Pellot-Rosa v. City of Richmond

By JUDGE ROBERT L. HARRIS, SR.

The defendant, City of Richmond, has moved for summary judgment on the grounds that the notice required by Section 8.01-222 of the Code of Virginia was insufficient as to the place of injury, thereby depriving the city the opportunity to carry out the purposes of the statute. The parties have agreed that the discovery deposition of James A. St. Pierre, Chief of the Bureau of Facilities Maintenance, Department of Recreation and Parks for the City of Richmond, may be considered by the court in deciding the motion for summary judgment.

The court concludes that the notice was sufficient to enable the city to carry out the purposes of the statute, and denies the motion for summary judgment.

Facts Presented

The plaintiff alleges that while playing on the basketball court at the Swansboro playground he slipped and fell and was injured. As a result of the injury, the plaintiff claims large medical expenses for knee surgery, permanent injuries and pain, loss of income now and in the future, "and other damages."

*139Notice was timely made in writing to the City of Richmond stating that plaintiff was injured "at Swansboro Playground, on June 4, 1985." In the caption of that notice, the location of Swansboro Playground was given as 34th and Stockton Streets.

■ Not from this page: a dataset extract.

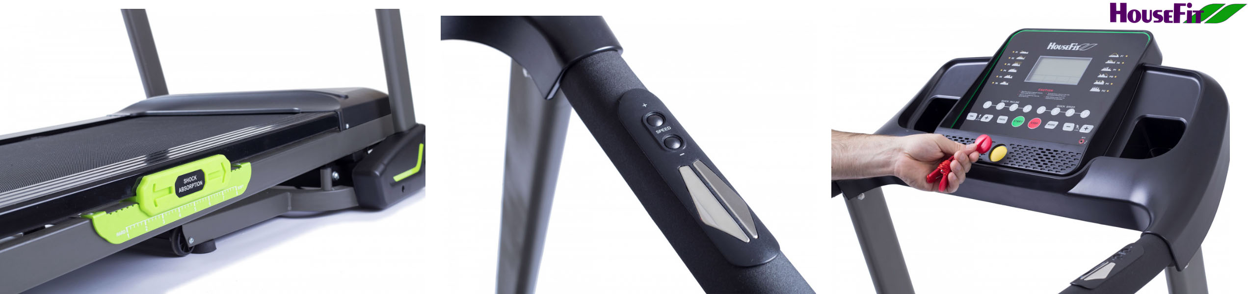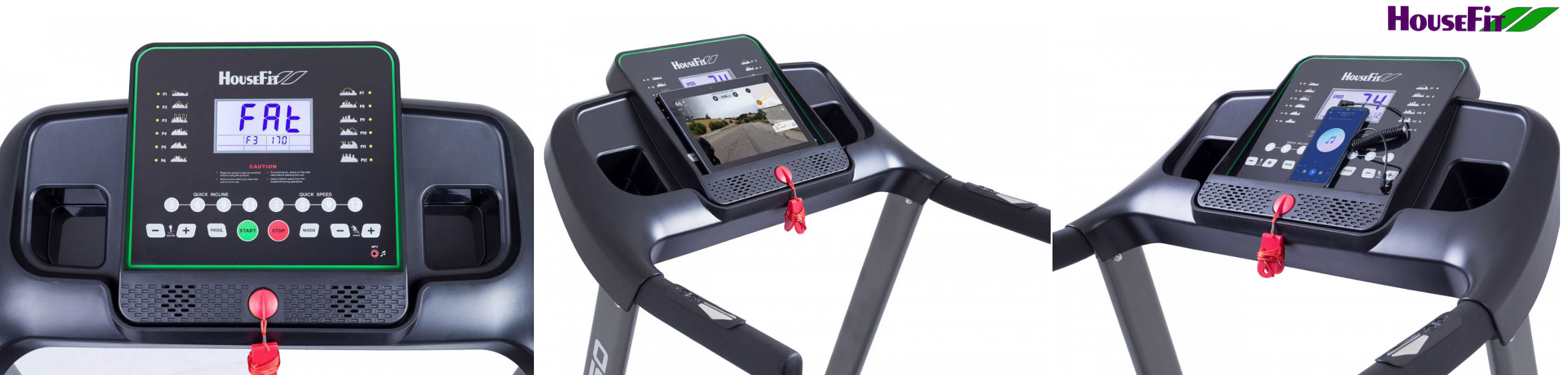Běžecký trenažér HOUSEFIT TEMPO 50 disponuje přehledným LCD displejem. Na displeji vidíme zobrazované hodnoty jako čas, vzdálenost, rychlost běhu, spotřeba kalorií a měření tepové frekvence. Kompletní nabídka programů obsahuje celkem 12 tréninkových programů a manuální režim. Na počítači trenažéru jsou integrované i tzv. horké klávesy pro nastavení okamžité rychlosti a sklonu.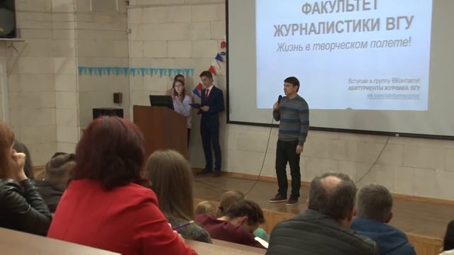 «Журфак открывает двери». Неспециальный репортаж о дне открытых дверей на факультете журналистики ВГУ подготовили студенты 2-го курса направления «Телевидение» Анастасия Левачкова, Анжела Курипко и Полина Волкова в рамках дисциплины «Выпуск телепередачи». Преподаватель Виктор Дремачёв, режиссер и оператор Валерий Заборовский.

Parties agree that the location of the Swansboro Playground is not at 34th and Stockton Streets, but is at 31st and Stockton (or Swansboro Lane and Logandale Avenue. The two corners are on the same block.) The city has pointed out that there is a Swansboro School in the same neighborhood, at 31st and Midlothian Turnpike, approximately five blocks distant from the Swansboro Playground. There is a playground, without basketball goals, at the Swansboro School.

Discussion

The statute requires notice in writing to the city "of the time and place at which the injury is alleged to have occurred." In cases decided on this point, the Supreme Court of Virginia has held that while "the statute should be construed liberally and substantial compliance with its terms is sufficient," "when a notice wholly fails to state where an accident occurred, such an omission cannot be remedied by statutory construction." Town of Crew v. Marler, 208 Va. 109, 112-13 (1984).

The issue raised here is whether the city officials were notified where the accident occurred with sufficient clarity to enable the city to carry out the purposes of the statute. The language quoted from Marler includes the word "wholly," which would distinguish, at least in part, that case from the facts presented here. In Marler the place was given only implicitly (the injury was "a result of defective sidewalk conditions in your town.") Here the place of injury is stated correctly in the notice, with additional and erroneous information included in the caption of the letter. The erroneous information, 34th Street rather than 31st Street, places the playground four blocks west of the correct location, but not in the direction of the Swansboro School Playground.

Marler does not appear to control this case. There no place was given; here place was given. The guidance in published opinions of the Supreme Court of Virginia *140requires the trial court to decide whether the plaintiff’s notice complied with the statute so as to effect the purposes the General Assembly had in mind. Those purposes involve providing the municipal government with information necessary to take corrective action, to conduct a prompt investigation of the claim, and if appropriate, effect a prompt settlement and avoid the expense of litigation.

If the city’s employees had moderate difficulty identifying the location of the injury, such as would be the case if there were basketball goals at ambiguously described playgrounds, there may have been some merit to the defendant’s grounds. But here no evidence of actual confusion has been presented to the court.

There is an issue not raised by counsel that further supports the court’s decision to deny the motion for summary judgment. If the notice as given caused the city to act, the notice may be sufficiently in compliance with the statute to be valid. While neither receiving a defective notice, nor examining the facts, will be a waiver, if the city acted on such notice there will be a waiver. Bowles v. City of Richmond, 147 Va. 720, 731 (rehearing 1926). Here there may have been some corrective action taken by the city that would constitute a waiver of notice as discussed in Bowles, but from the information available in Mr. St. Pierre’s deposition it appears that the only maintenance was done at the Swansboro School Playground. From the interrogatories it appears that no maintenance was performed at the Swansboro Playground after the alleged injury on June 4, 1985. (A basketball net rim was installed May 22, 1985.)

If there be action, notice is found to statutorily sufficient (Bowles at 728). If there be no action, notice must be proper, i.e., correct in every detail. (Id.) The court concludes there was a "correct" place in the plaintiff’s notice if the city knew from that information where the alleged injury occurred. Because Mr. St. Pierre went to the departmental playground based on the notice, the place description appears to have been "correct." The motion is therefore denied.